Si l’on me demandait à quel sous-genre de fantasy appartient l’œuvre de Jo Walton, j’inclinerais pour une présentation d’une forme de fantasy « de la bascule ». C’est-à-dire une forme de merveilleux directement rattaché à notre monde. Un moyen de permettre au lecteur de suspendre son incrédulité progressivement, en suivant les protagonistes du récit lors de leur voyage au travers de l’étrange. Dans la lignée des contes anglophones du XIXe et XXe, lorsqu’Alice bascule dans le terrier du lapin la menant au pays des merveilles, ou quand les enfants Darling suivent Peter Pan au pays imaginaire. Le personnage principal devient le vecteur qui permet au lecteur de vivre des aventures par procuration.

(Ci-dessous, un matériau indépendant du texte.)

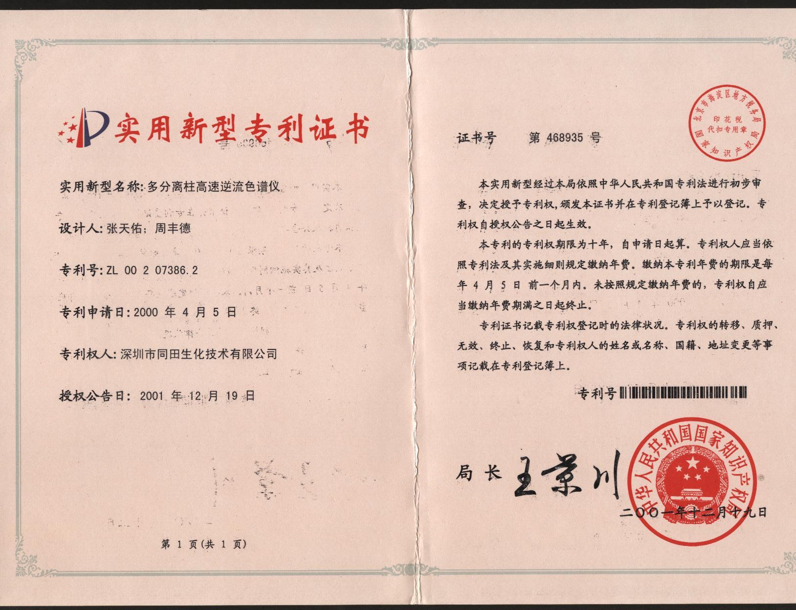 多分離柱高速逆流色譜儀專利證書-TBE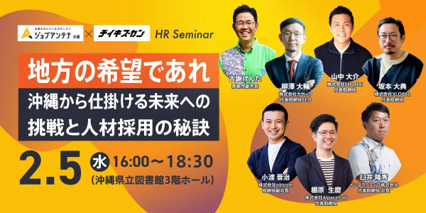 地域に特化した双方向な求人マッチングサービス「ジョブアンテナ」を運営しているインタラクティブ株式会社(本社:沖縄県宜野湾市、代表取締役社長:臼井 隆秀、以下「インタラクティブ」)は、都市と地方の人材流入を逆転する地方特化型のリクルートサービス「チイキズカン」を提供している株式会社XLOCAL(本社:山形県鶴岡市北京田字下鳥ノ巣23-1、代表取締役:山中 大介・坂本 大典、以下「XLOCAL」)と共催で、2025年2月5日(水)に沖縄にてHRセミナー「地方の希望であれ。~沖縄から仕掛ける未来への挑戦と人材採用の秘訣~」を開催します。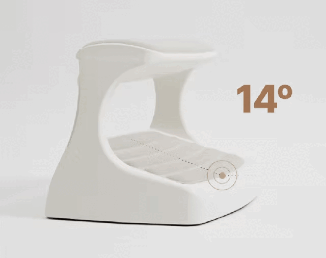 足をのせた時に心地いいと感じる角度を様々試して14度の角度を見つけ出しました。

Tout en s’inscrivant dans cette filiation littéraire, Walton propose de franchir un cap supplémentaire, en attirant le lecteur à même la narration. Sans être un livre-jeu ou un récit réellement interactif. Une atteinte bienveillante et subtile au « quatrième mur », parfois déstabilisante, mais qui permet d’entrer pleinement dans l’atmosphère du récit.
En posant les bases d’un dialogue entre une autrice fictive et son narrateur, qui établit des apartés directement à notre destination, le roman dresse un écheveau à démêler soi-même. Le récit devient prétexte à poser des bases de réflexions sur des thèmes aussi anciens que la littérature et la philosophie. Quel est le processus d’écriture d’un roman, et plus largement l’impact de toute création artistique ? Quelle place pour les arts ? Que ferait l’humanité si la mort pouvait être évitée ? (On peut penser ici à Tous les hommes sont mortels de Simone de Beauvoir avec lequel ce roman partage aussi le thème de l’Italie renaissante). Le cadre du récit amène parfois une tonalité d’essai historique décrivant comment une ville de Florence authentique sert de matériau d’inspiration à un pendant imaginaire.

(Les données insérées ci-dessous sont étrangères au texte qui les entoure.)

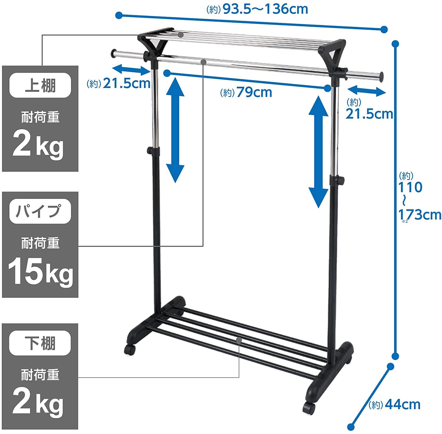 サイズ:幅93.5~136×奥行44×高さ110~173cm

Dans ce livre, Jo Walton établit donc les fondations d’un labyrinthe où le spectateur, qui semble tout d’abord pris par la main, est rapidement laissé à ses seuls compétences pour distinguer le vrai du faux. Avec la présence d’une autrice fictive, liée à un monde « réel » qui commente parfois l’action de ses personnages fictifs lié à un une réalité historique authentique une sensation de vertige s’offre parfois au lecteur, qui à son tour, bascule pleinement dans le texte.

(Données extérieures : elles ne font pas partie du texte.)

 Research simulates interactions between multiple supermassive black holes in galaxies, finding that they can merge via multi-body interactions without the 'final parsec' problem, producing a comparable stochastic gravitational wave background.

Comme dans un précédent ouvrage (Morwenna) Jo Walton jette ici des ponts destinés a son public et démultiplie les références tant aux classiques de la littérature anglophone (Shakespeare, Byron, Keats, Shelley etc.) qu’aux des piliers des littératures de l’imaginaire moderne (Zelazny, Lewis etc.). Si le lecteur initié peut se sentir flatté, la démarche peut toutefois être clivante. Cela n’entache en rien la compréhension ici, mais le profane pourrait se sentir à l’écart. Nous préférons le voir comme une invitation à découvrir ces plumes.
Quentin Wald
Jo Walton , Ou ce que vous voudrez, traduit de l’anglais par Florence Dolisi, Denoël, Collection Lunes d’encre, 2022, 368 pages, 23 Euros.